INGREDIENTS (serves 4)

SAUCE
1/2 bunch of coriander
1-2 inch piece of ginger, peeled, chunked
4 cloves of garlic, trimmed, peeled
3 red or green chiles (or omit – adjust to your preference)
2-3 limes, zested and juiced,  depending on the level of acidity preferred
4 tablespoons of peanut butter of your choice
2-3 tablespoons of soy sauce, preferably light
2-3 chicken breasts, or alternatively extra firm tofu, cubed in 1 inch chunks suitable for skewering
2-3 tablespoon of honey, runny

Noodle Salad
3-4 noodle of choice
2-3 sprigs of green onion, trimmed, choppped
1/2 bunch of coriander, chopped
3 red or green chiles (or omit – adjust to your preference)
1/2 teaspoon of sesame oil
1 tablespoon of white or black sesame seeds
small handful of peanuts, cashews, or other preferred nuts
1 tablespoon of honey
soy sauce to taste

METHOD

  1. The sauce.   Except for the chicken, tofu, and honey, add all of the sauce ingredients to a food processor and blend to a paste.  Add a couple of tablespoon of water to loosen the paste.  Taste, and adjust seasoning according to taste with more soy sauce and/or lime.
  2. Take a couple of tablespoons of the sauce, coat your protein of choice, and chill in the refrigerator until required.  When ready, skewer the chicken or tofu, drizzle lightly with vegetable oil and grill on high to medium heat until chicken is fully cooked through and no longer pink, about 5 minutes per side.
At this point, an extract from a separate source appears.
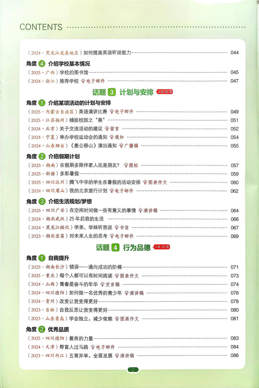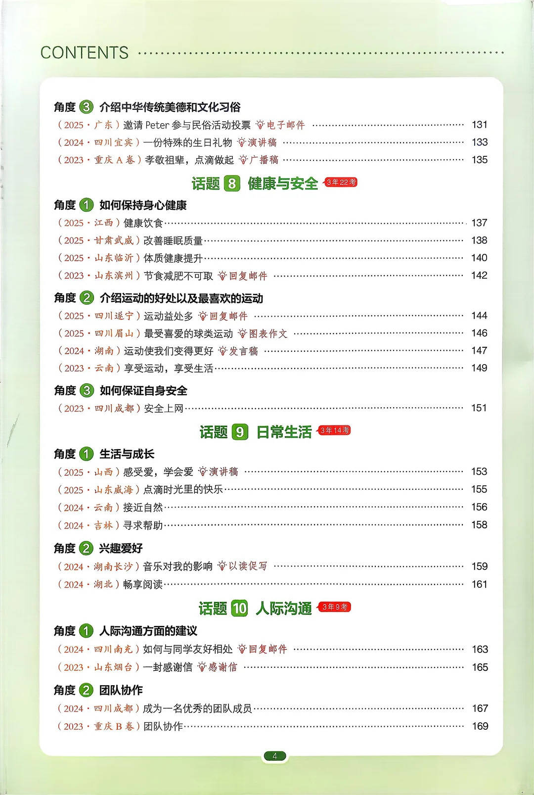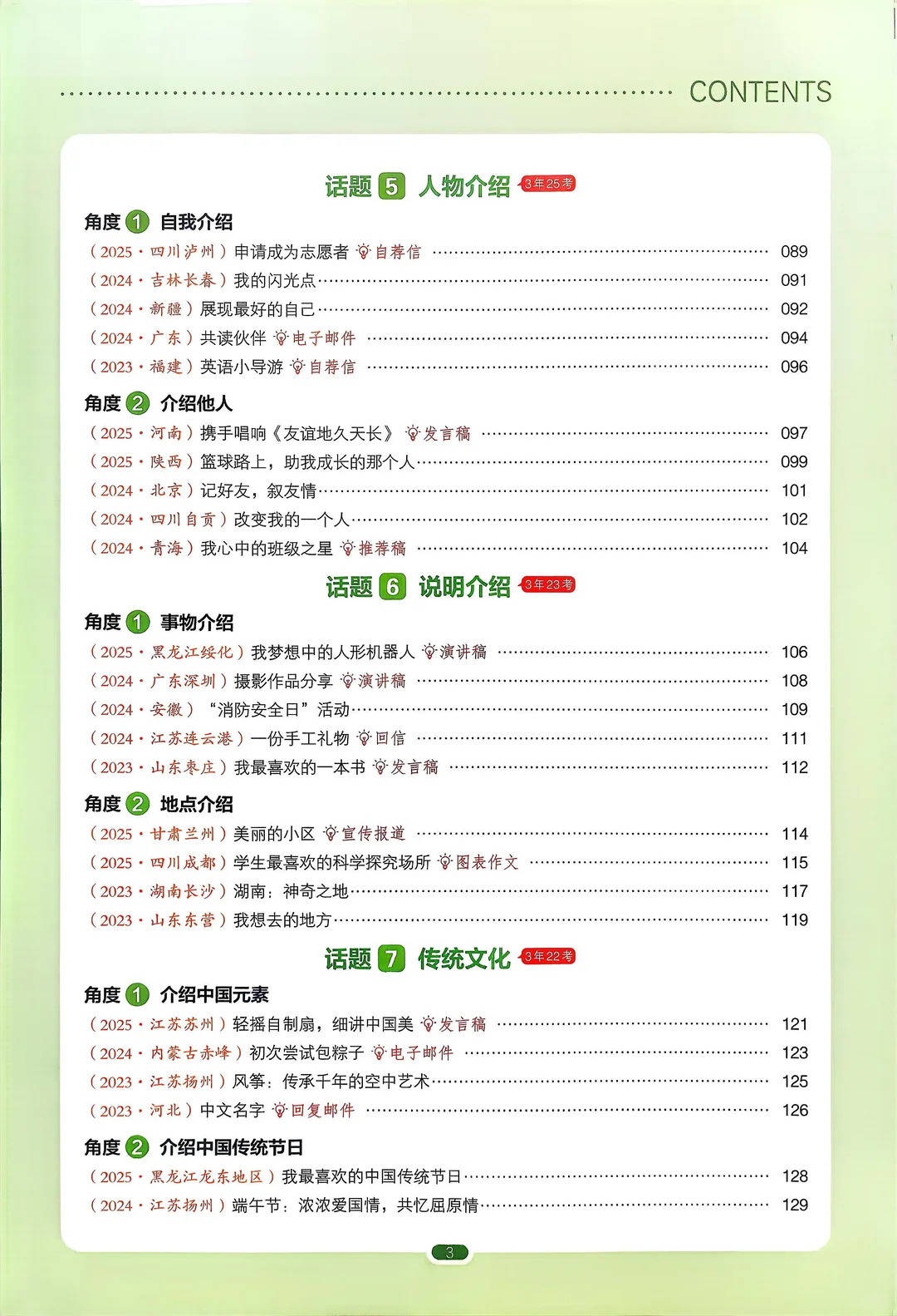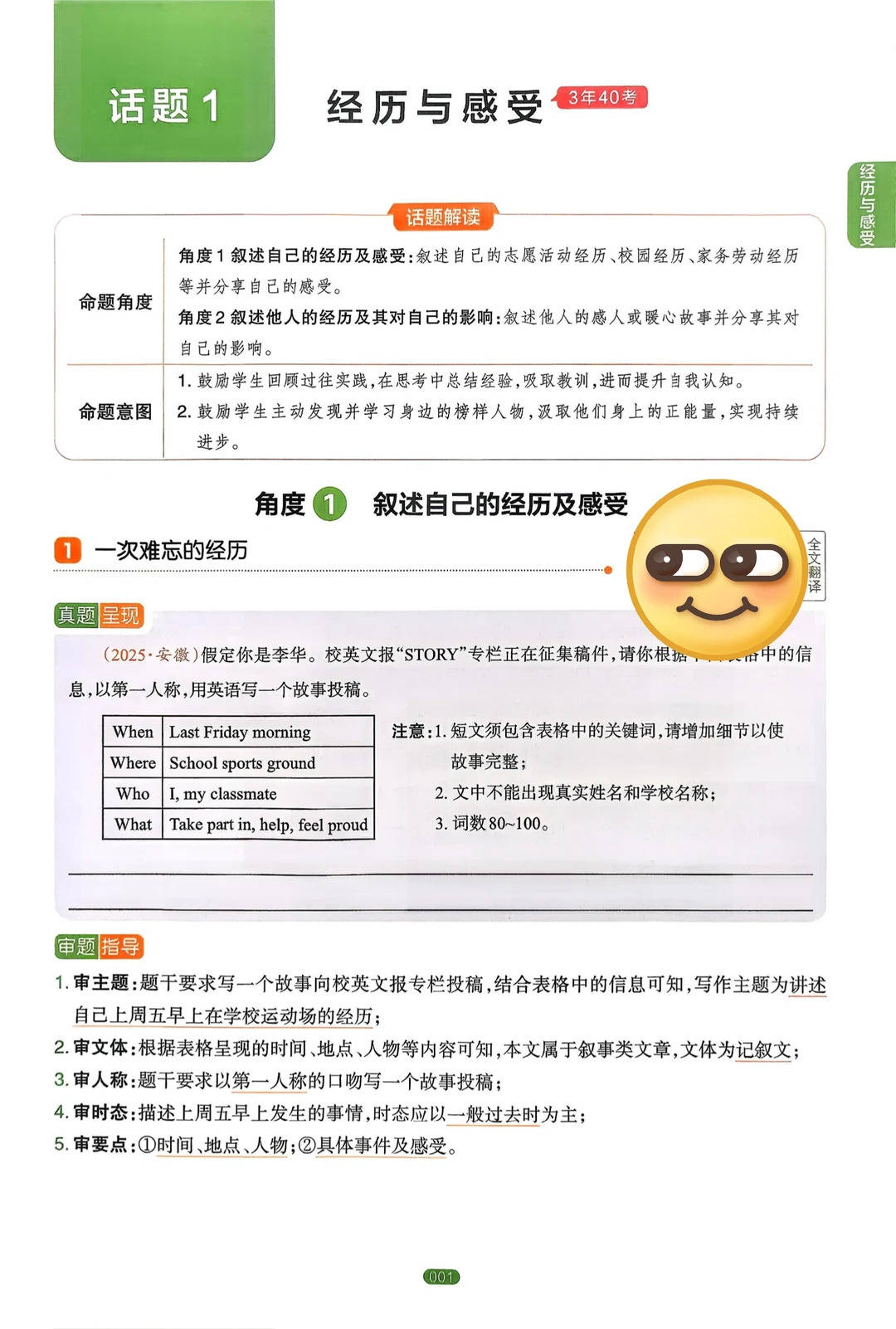 首先是适配中考 “话题聚焦 + 模板提分” 的核心需求—— 中考英语写作以固定话题(如经历、校园、传统文化)为主,这份资料把 10 大必考话题拆成 “角度 + 真题”,比如 “经历与感受” 对应 2025 安徽 / 吉林真题,既贴合中考命题趋势,又通过 “写作框架”(开头引话题 + 正文述事件 + 结尾谈感悟)给出生成逻辑,避免 “审题偏题、结构混乱” 的问题。

The tofu is done when beautiful grills marks appear on both sides.  Just before removing from the grill, drizzle the honey over the skewers, grill for an extra 20-30 seconds, turning the skewers till the honey becomes sticky and glossy over the chicken and tofu.  Especially at this point, do not leave the grill unattended, as the honey can quickly burn the chicken and tofu, and yes, I am speaking from experience.  Alternatively, if you do not have access to a grill, the chicken/tofu skewers can be placed in a metal (not glass) baking pan under the broiler of an oven.  Make sure to keep a close on eye on the contents in the oven.
  3. The Noodle Salad.   Cook noodle according to package instructions.  When cooked, drain, and rinse in cold water.  Return the noodles to a bowl, and combine with the  chopped ingredients, along with soy sauce, lime juice and zest, and sesame oil.  Combine, taste, and and adjust seasoning according to taste with more soy sauce and/or lime.
  4. In a small frying pan, toast on medium the sesame seeds, and other nuts until golden.  Turn the heat off and add the honey, letting the heat of the pan melt the honey.  Immediately add this mixture to the noodle salad, while taking care not to burn yourself, and yes, I am speaking from experience.
  5. Place the noodle salad in a bowl and top with the grilled chicken or tofu, using the extra satay sauce for dipping or as an extra dressing over the noodle salad.

Note:  The darker soy sauce lacks the saltiness that the lighter soy sauce embodies, so if using the lighter soy sauce you may need less in your recipe.  Also, I find the colour that is imparted from using lighter soy sauce is more appealing, which is something I failed to do this time around.